Spatially limited pollen exchange and a long-range synchronization of trees

Many trees in mature forests show intermittent reproduction. Intensive flowering and seed production occur only once in several years, often synchronized over a long distance. In a previous paper, we showed that the limitation of fruit production by the outcross pollen availability can bring about synchronized reproduction of trees in a constant environment, assuming that pollen availability depends on the mean flowering intensity of the trees.
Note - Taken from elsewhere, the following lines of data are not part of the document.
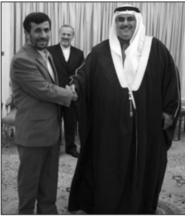
الرئيس الإيراني أحمدوي نجاد يصافح وزير الخارجية البحريني الشيخ خالد بن أحمد آل خليفة
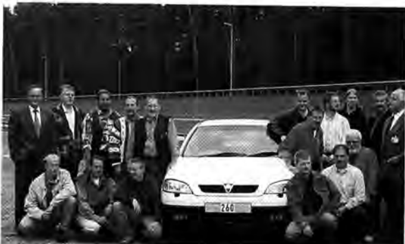
Zeitungslesen lohnt sich: Begeisterte Ausflügler im Testzentrum

Das besondere Schmankekerl war zum Schluß die rasante Reise mit den Testfahrern, die nachhaltig Eindruck hinterließ. Fazit der Beteiligten: Dudenhofen war die Reise wert.
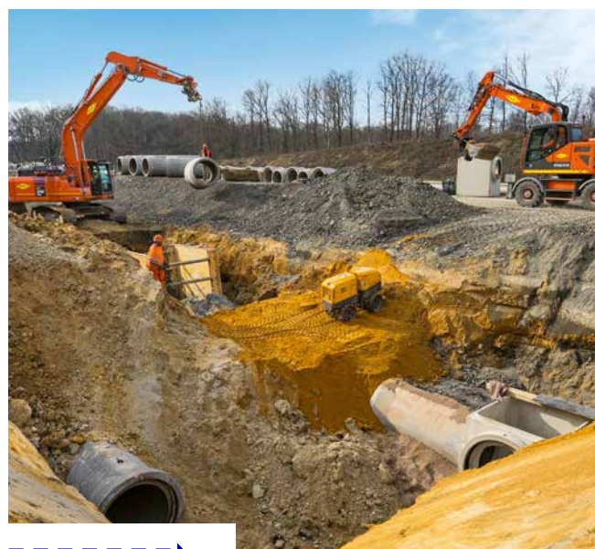
Le chantier va s'organiser jusqu'en juillet 2024 sur une période de 24 mois.
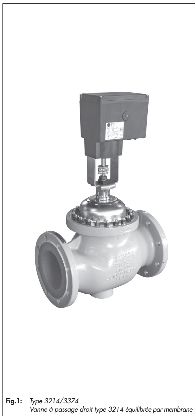
Fig. 1: Type 3214/3374 Vanne à passage droit type 3214 équilibrée par membrane
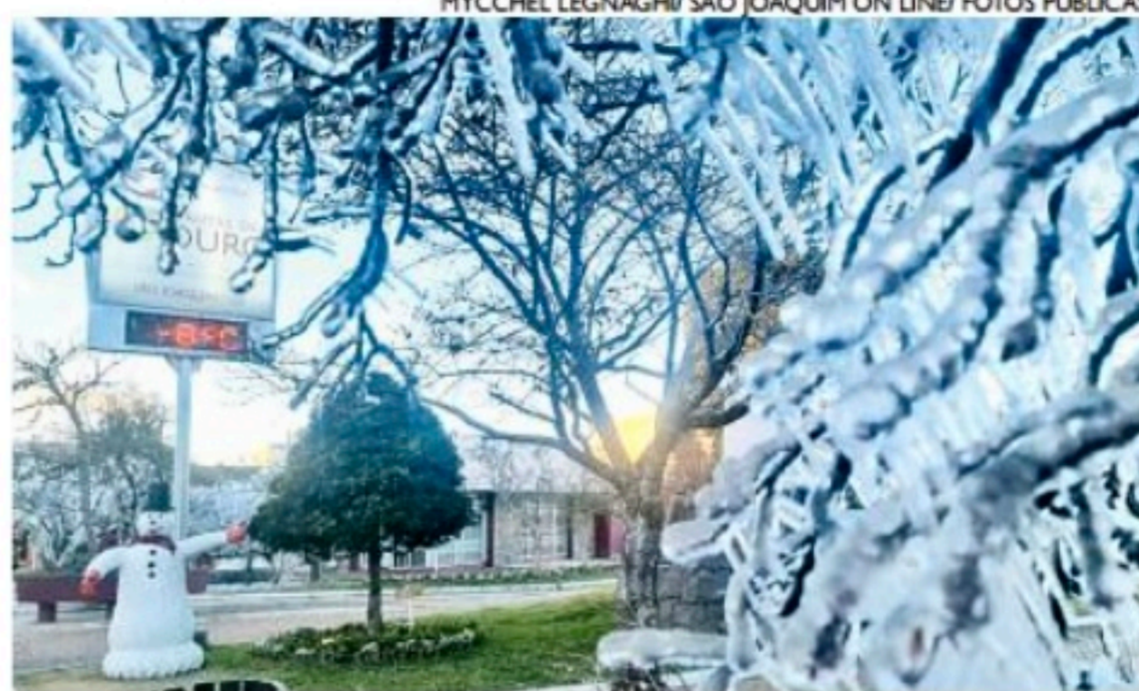
Frente fria está provocando geadas e pode nevar no Sul do País

Na internet, a Marinha mantém atualizados os alertas de mau tempo. Informações meteorológicas podem ser visualizadas também por meio do aplicativo Boletim ao Mar, disponível para download para
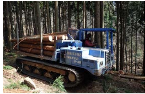
■ 間伐材搬出の支援
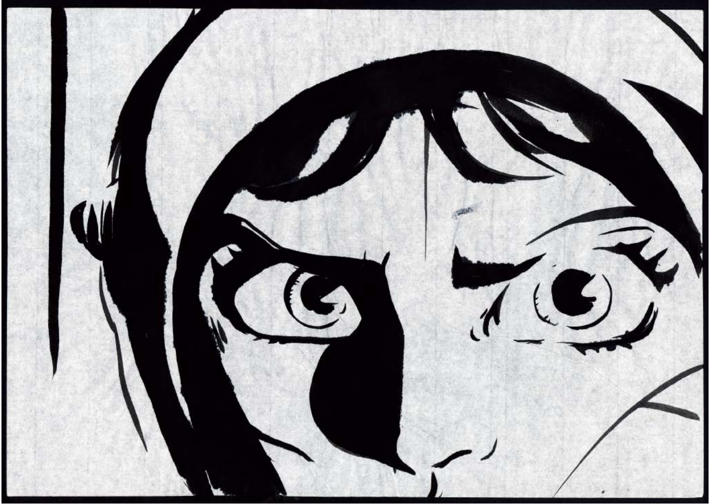
Yoshitaka Amano: Uden titel, ca. 2002.

Øjnene er vigtige i Yoshitaka Amanos billeder. Der er ikke meget andet at se. Figuren har noget på hovedet – måske en flyverhjelme?
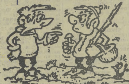
— Ja także zbieram grzyby, ale muszą być tak duże, bym mógł je dojrzeć z samochodem...
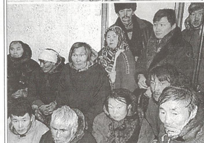
Собрание на фактории “Кара-нат”
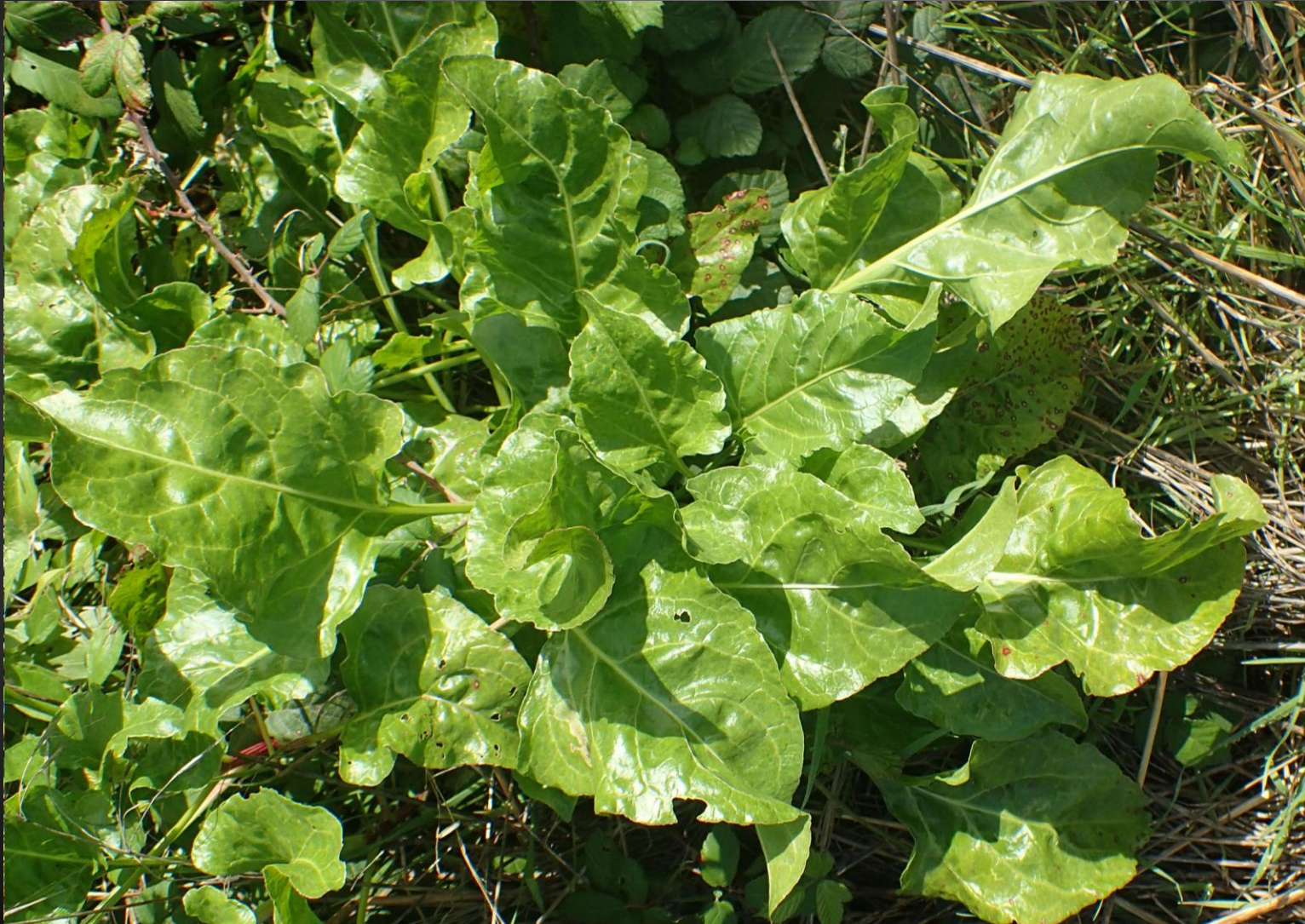
Beta vulgaris subsp. maritima Chénopodiacées

However, pollen exchange normally occurs within a distance much shorter than the extent of the whole forest. We studied a coupled map lattice, in which each tree engages in the chaotic dynamics of energy reserve level, but different trees are coupled by pollen exchange with neighbors. We first derived a relation between two statistics of spatial covariance (dynamic spatial covariance and snapshot spatial covariance). A strong synchronization of tree reproduction can develop over the whole forest that may be orders of magnitude larger than the distance of direct pollen exchange between trees. The fluctuation is close to a cycle with a period of two years. The model of local coupling always generates non-uniform spatial patterns, but the enhanced spatial covariance caused by the spatial heterogeneity is restricted to a short range, only a few times larger than the spatial range of direct interaction. When pollen exchange occurs beyond the nearest neighbors, the local spatial pattern becomes proportionally larger, but the condition for synchronization of the whole forest and its magnitude are the same as for the case with the nearest neighbor pollen exchange. When a fraction of the seeds are sired by globally dispersed pollen and the rest are sired by local pollen, long-range synchronization can occur for a wide-parameter region, and trees may engage in a fluctuation with a masting interval longer than two years. We discuss alternative explanations for the long-range synchronization of beech forests.